**Task**
Pictures within the data are to be left out; everything else must be reproduced exactly.

**Given data**
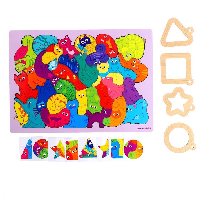 Сначала можно собрать детали в основу, а затем сыграть в сыщика. Покажите малышу варианты "луп" (деревянные основы), а потом покажите один из цветных фрагментов. Ребёнку необходимо подобрать "лупу" нужной формы и найти фрагмент на общей картинке.
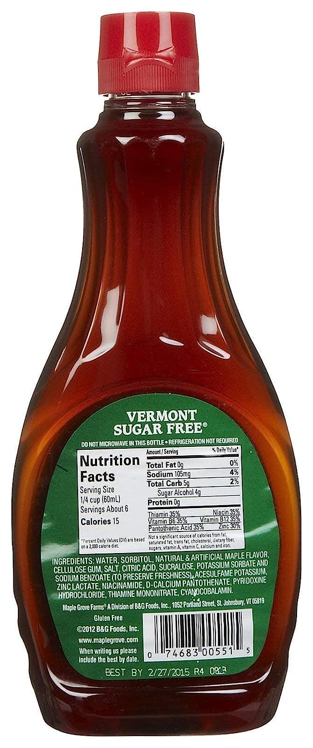 Vermont sugar free, 12-ounces is for people with diabetes and for anyone seeking a sugar free, low-carb syrup. As the world's largest packer of pure maple syrup, Maple Grove Farms has a real knowledge of what maple should taste like. Now sweetened with Splenda? and fortified with 6 vitamins and minerals, we think you'll agree - sugar free doesn't get any better than Maple Grove farms vermont sugar free maple flavored syrup. And it's not just for breakfast-you can cook and bake with Vermont sugar free in any recipe calling for pure maple syrup. So go ahead, pour a little more!
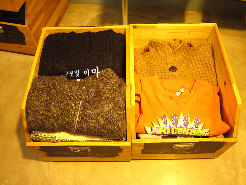 수많은 각각 다른 크기와 디자인과 색상의 옷들을

**Solution below**
 Сначала можно собрать детали в основу, а затем сыграть в сыщика. Покажите малышу варианты "луп" (деревянные основы), а потом покажите один из цветных фрагментов. Ребёнку необходимо подобрать "лупу" нужной формы и найти фрагмент на общей картинке.
 Vermont sugar free, 12-ounces is for people with diabetes and for anyone seeking a sugar free, low-carb syrup. As the world's largest packer of pure maple syrup, Maple Grove Farms has a real knowledge of what maple should taste like. Now sweetened with Splenda? and fortified with 6 vitamins and minerals, we think you'll agree - sugar free doesn't get any better than Maple Grove farms vermont sugar free maple flavored syrup. And it's not just for breakfast-you can cook and bake with Vermont sugar free in any recipe calling for pure maple syrup. So go ahead, pour a little more!
 수많은 각각 다른 크기와 디자인과 색상의 옷들을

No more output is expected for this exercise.